The cyberspace emergence has created a new reality with transnational connection providing a venue for growth and also for contestation (Chourci, 2012). Defining the characteristics of the cyberspace includes various attributes such as; diffusion of power, ease of accessibility, low cost of entry, attribution, i.e., anonymity (Nye, 2011). The cyber domain position is characterized as a “transnational domain for information and economic exchange, which contemplates the transnational nature of the internet and the problem of global governance” (Kiggins, 2014). Definition of cybersecurity has constantly shifted to reveal the growing number of threats and new areas affected by the attacks. The case of UNGA resolution 53/70 where the modification of definition from the phrase ‘may adversely affect the security of the state’ in 1999 to ‘may adversely affect States in both civil and military fields’ in 2002 reflects the change in definition due to evolving nature and increased threats (Radu, 2014). Effectively, cybercrime was seen majorly as a technical issue, however, the course changed with the increase in incidents and the need for regulating it. The effective cost of cybercrime has increased with sophisticated tools being employed for a criminal purpose especially with the rise of ransomware as an industry. The concern arises from the fact that the average cost for the enterprises was $11.7 million of cybersecurity due to cybercrime, with an increase of 27.4 percent each year (Accenture, 2017). Platforms like Convention on Cybercrime in 2001, World Information Society in 2003, have pushed for a ‘global culture of cybersecurity’ and laid the foundation for the effective policymaking at the international, regional, and national level. Moreover, the international scenario is constantly molded by the sophisticated cyberattacks, global geopolitical shifts, and social media empowered by political move with the divergent position of the states. The variance is visible in the cyber legislation with varying definitions, development with one paternalistic group of countries advocating state sovereignty while other members promoting freedom of internet and role of private companies

In this perspective, the article aims at presenting and analyzing the state of the growing threat of cybercrime and the resultant laws being enacted at the international, regional and national level by the countries to counter it. The first section includes the background, including an overview of cybercrime being defined in the various literature. The second section includes various efforts presented on cybercrime legislation including the multilateral instruments such as the convention on cybercrime by Council of Europe, United Nations resolution apart from regional and national efforts. The third section analyzes the challenges of jurisdiction, sovereignty, and privacy and the various responses in the form of legislation being laid out. The fourth section proposes a model for the effective cooperation in the form of balanced multi-stakeholder in light of growing internationalization of the cybercrime.

Key Terms in this Chapter

Mutual Legal Assistance (MLAT): MLAT are formal investigation request made by the states for the access of the data located in other country for the purpose of investigation and extradition.

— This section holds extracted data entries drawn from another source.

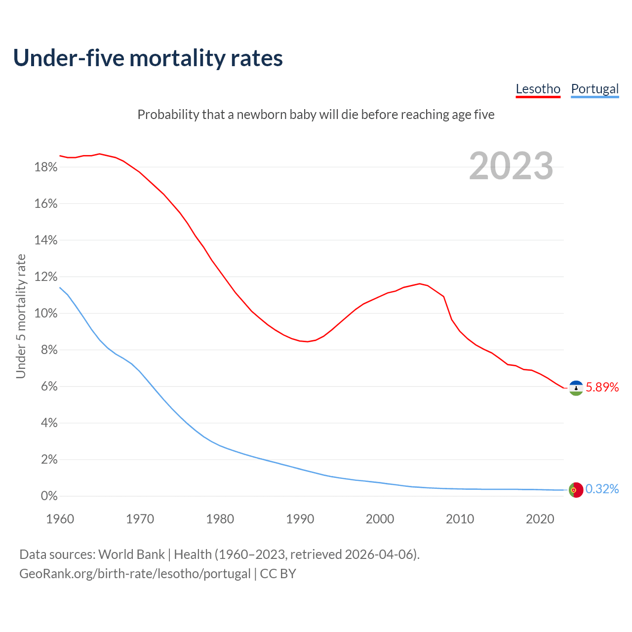The chance that a newborn baby will die before reaching age five is 5.89% in Lesotho and 0.32% in Portugal. Above is a chart with historical data on under-five mortality rates.
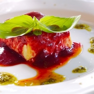 Garnish the set panna cotta with berry jam and a mint leaf. Serve immediately.
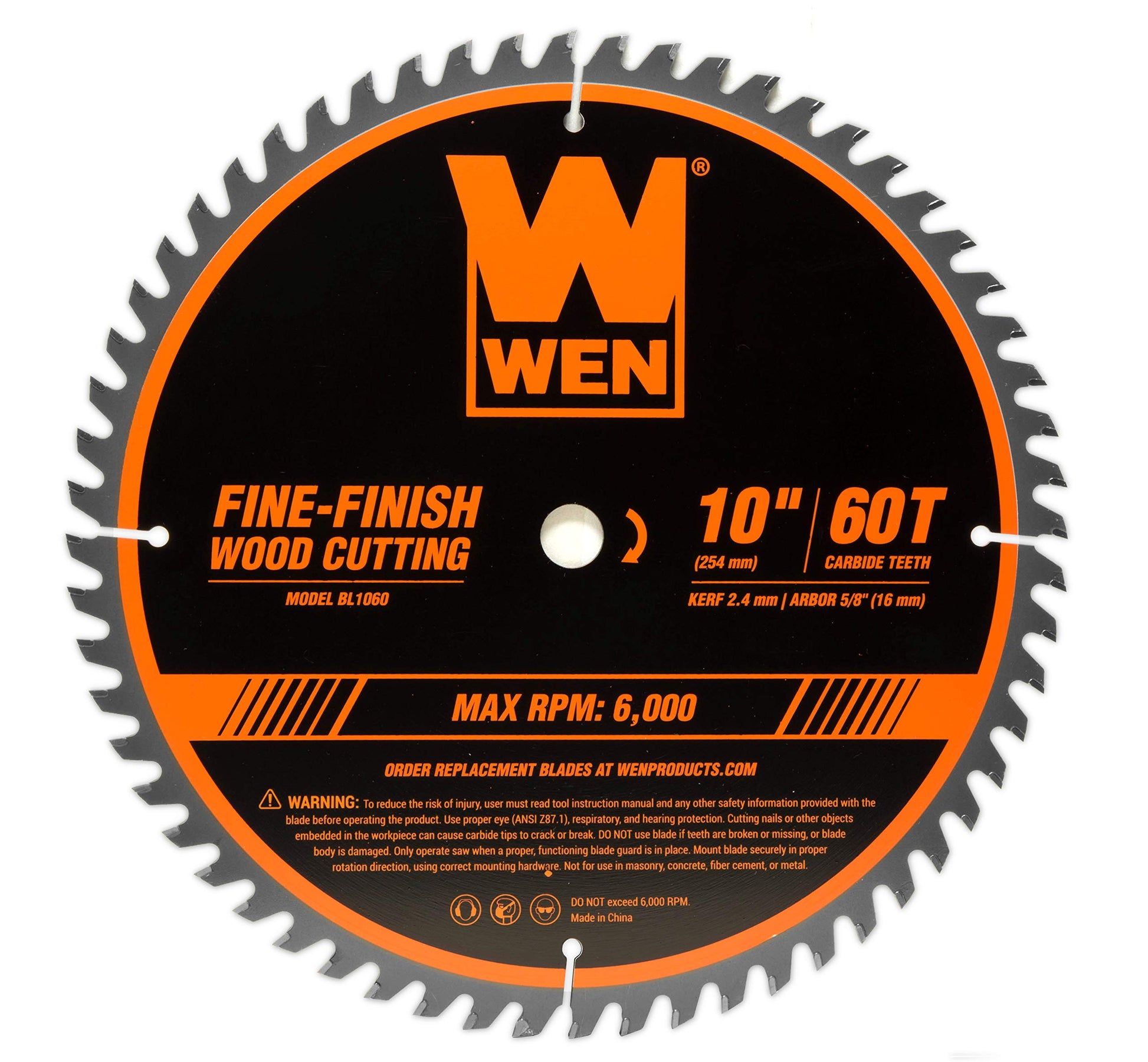 Details: Remember when you had a smooth cut with no tearout? The WEN 10-Inch Professional Fine-Finish Woodworking Saw Blade provides reliable and accurate performance, maintaining its straight shape and sharp edges for longer than the competition. The machine-cut carbide-tipped teeth slice through woods of any kind, making easy work out of pine, oak, poplar, cherry, maple, walnut, and more. The 5/8-inch arbor allows for compatibility with the majority of 10-inch miter saws, jobsite saws, and table saws on the market. Heat expansion slots help the blade expand and contract as needed to provide maximum accuracy across a wide range of cutting conditions. Our unique protective coating fights off potential damage caused by heat, rust, corrosion, gumming, resin, and more. This lightweight, ultra-thin blade provides maximum efficiency during operation, leaving behind a kerf a mere 1/10 of an inch wide (2.4 mm). It’s time to get reliable and powerful performance with a WEN Saw Blade. Remember when you had a blade that lasted? Remember WEN.
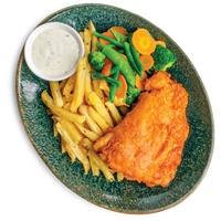 Deep fried fish fillet coated in spiced breadcrumbs with coleslaw, tartar sauce served with French fries
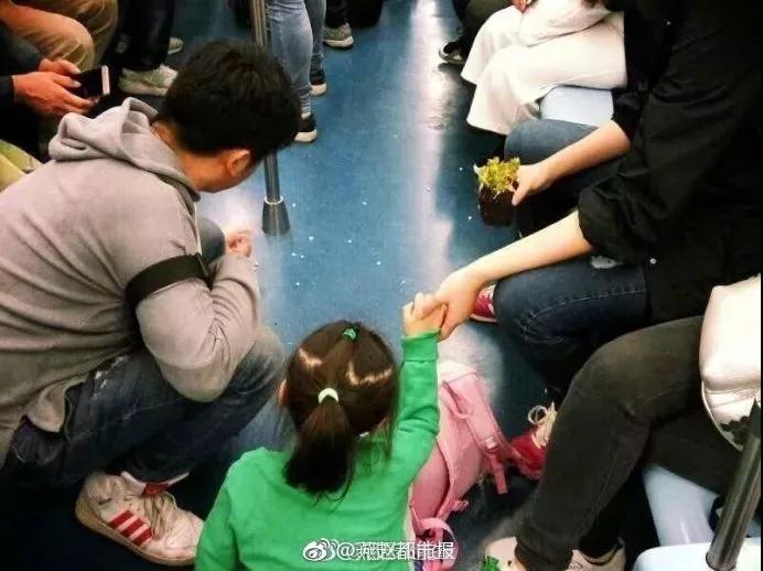 直到地鐵到站前,這位媽媽一直保持著這個動作。

Ransomeware: Is defined as the illegal access to computer system using malware for the purpose of gaining control of the system with the motivation for financial gains.

Denial of Service Attack (DDoS): The activities which disrupt the services of the computer rendering the computer usage ineffective for the user.

Cybercrime: The usage of the computer and its related technologies for the purpose of disrupting, with the motivation to gain financial gains or causing political, social, and psychological harm.

Dark Web: The dark web is part of the web that is not accessible on general search and can be accessed through specific hosting servers. It consist of the information and tools that are illegal by criminal, terrorist.

Phishing: Is defined as the method of cyberattack which are employed to capture the sensitive information including passwords, personal information for the malicious purpose through means such as deceptive emails.

Cloud Act: Cloud Act is the U.S. legislation related to the transfer of electronic data with provisions for obtaining data for evidence and prosecution and also regulating transfer for foreign governments.